I po czułam się super, ręce się trzęsły do tej pory czuję fajne i nowe dla mnie zmęczenie, bo dziś był trening na ręce, biceps, triceps, motyle i brzuch.
Zaczęłam od rozgrzewki na orbiterku

to mój... najtańszy jaki był na allegro, na taśmę nie magnetyczny, ale daje czadu, mam go trzy lata, ale jest eksploatowany umiarkowanie.
A potem przeszłam do żelastwa

nie wiem czemu w tym pokoju zdjęcie nie chciało mi się wyostrzyć. Ale widać sztangę z talerzami każdy po 5kg+gryf, hantle, dziś ważyły po 5kg, za ławeczkę prostą robił mały stolik, a za skośną piłka. Może kiedyś zainwestujemy w ławeczkę.
 No i pas neoprenowy wreszcie znalazł swoje przeznaczenie żeby chronić panele od sztangi.
No i w tym pokoju stoi jeszcze taki kawał złomu, który o mały włos miał być wystawiony na allegro.. całe szczęście nikomu się nie chciało robić zdjęć...
i teraz mam na czym robić ćwiczenia "na maszynie" z całego planu treningowego obejmującego trzy różne treningi nie mam tylko jak zastąpić ginekologa, ale zanim dojdę do tego treningu pomyślę jak rozwiązać problem. Może któraś z was ma pomysł.
To kółko na podłodze to twister na którym kręciłam dziś tyłkiem.

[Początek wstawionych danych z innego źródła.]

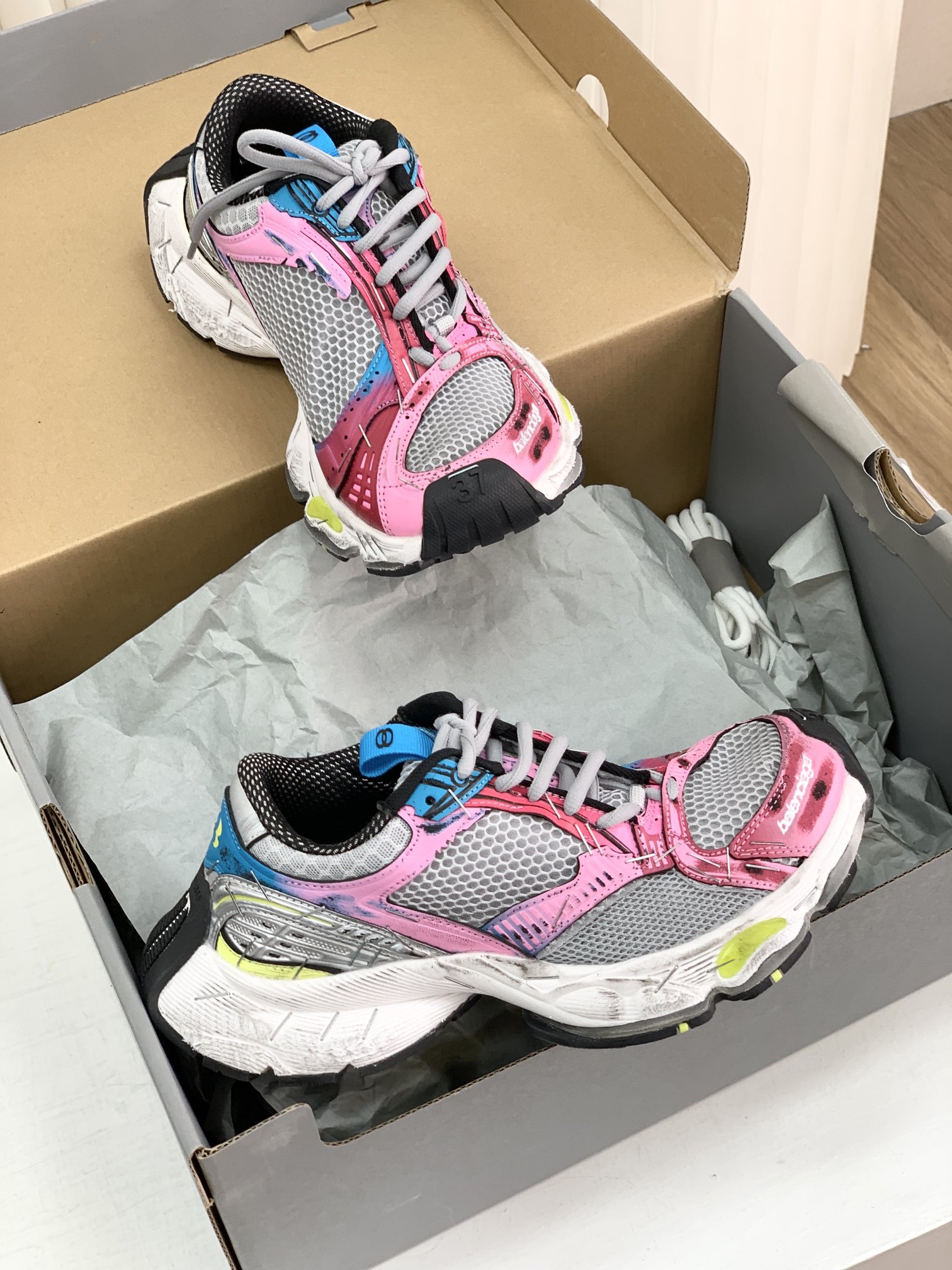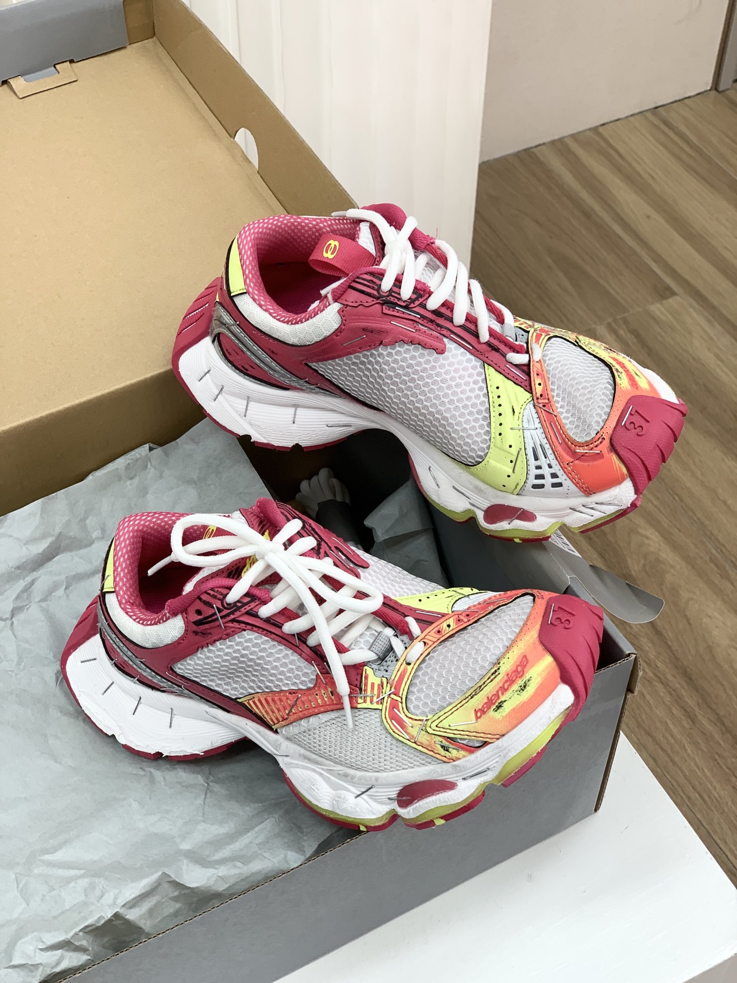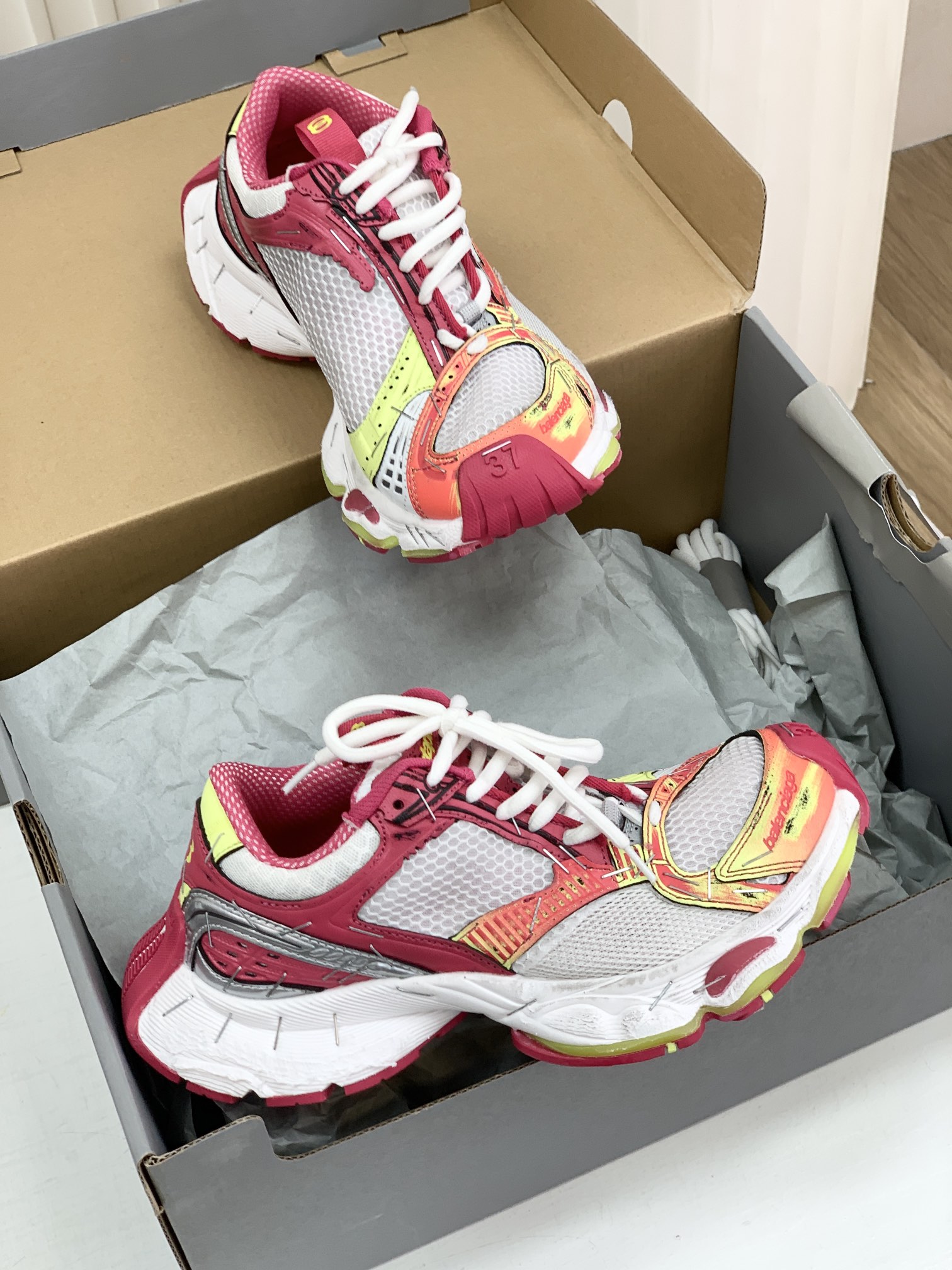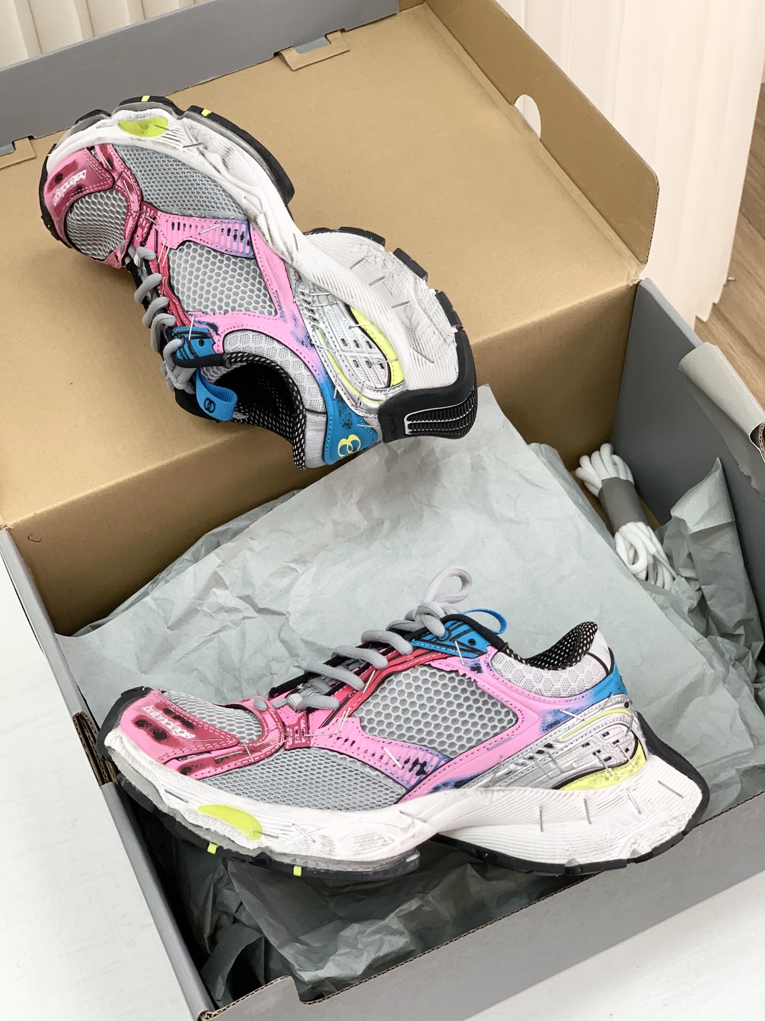巴家,正单,顶级,官网同步,专柜橱窗款,Stapler Low Sneakers 订书机系列14代低帮复古阔型底姥爹风增高潮流百搭休闲慢跑鞋!!Bale&nciaga全新球鞋Balenciaga 3XL Sneakers作为2024春夏系列的新品登陆,这也是不少朋友们在这季最想入手的单品和球鞋作为品牌在 2024推出的新一代老爹鞋,新款的 3XL 继承了前辈 Balenciaga Runner 的复古跑设计语言,并加入了更具识别度的线条以及独特的鞋带造型,强烈的做旧效果,则延续了 Balenciaga 最为招牌的球鞋设计元素,而且据说在脚感上,这款3XL 做到了前几代老爹鞋都无法企及的轻量化以及极佳的舒适脚感!原盒包装,尺码,35 36 37 38 39 40 41 42 43 44 45 46 正码!

Najważniejsze jest to, że nie muszę chodzić na siłownię... dobrze mieć synów... co mieli kiedyś zachciankę, bo sama sobie na pewno bym sobie tego nie kupiła.

Która wpada do mnie na wspólny trening?
A dziś na zumbie instruktorka coraz bardziej daje nam w kość "dosyć kręcenia tyłkiem to już nie jest zumba tylko body shape".. wychodziłyśmy prawie na czworaka i było nam dobrze.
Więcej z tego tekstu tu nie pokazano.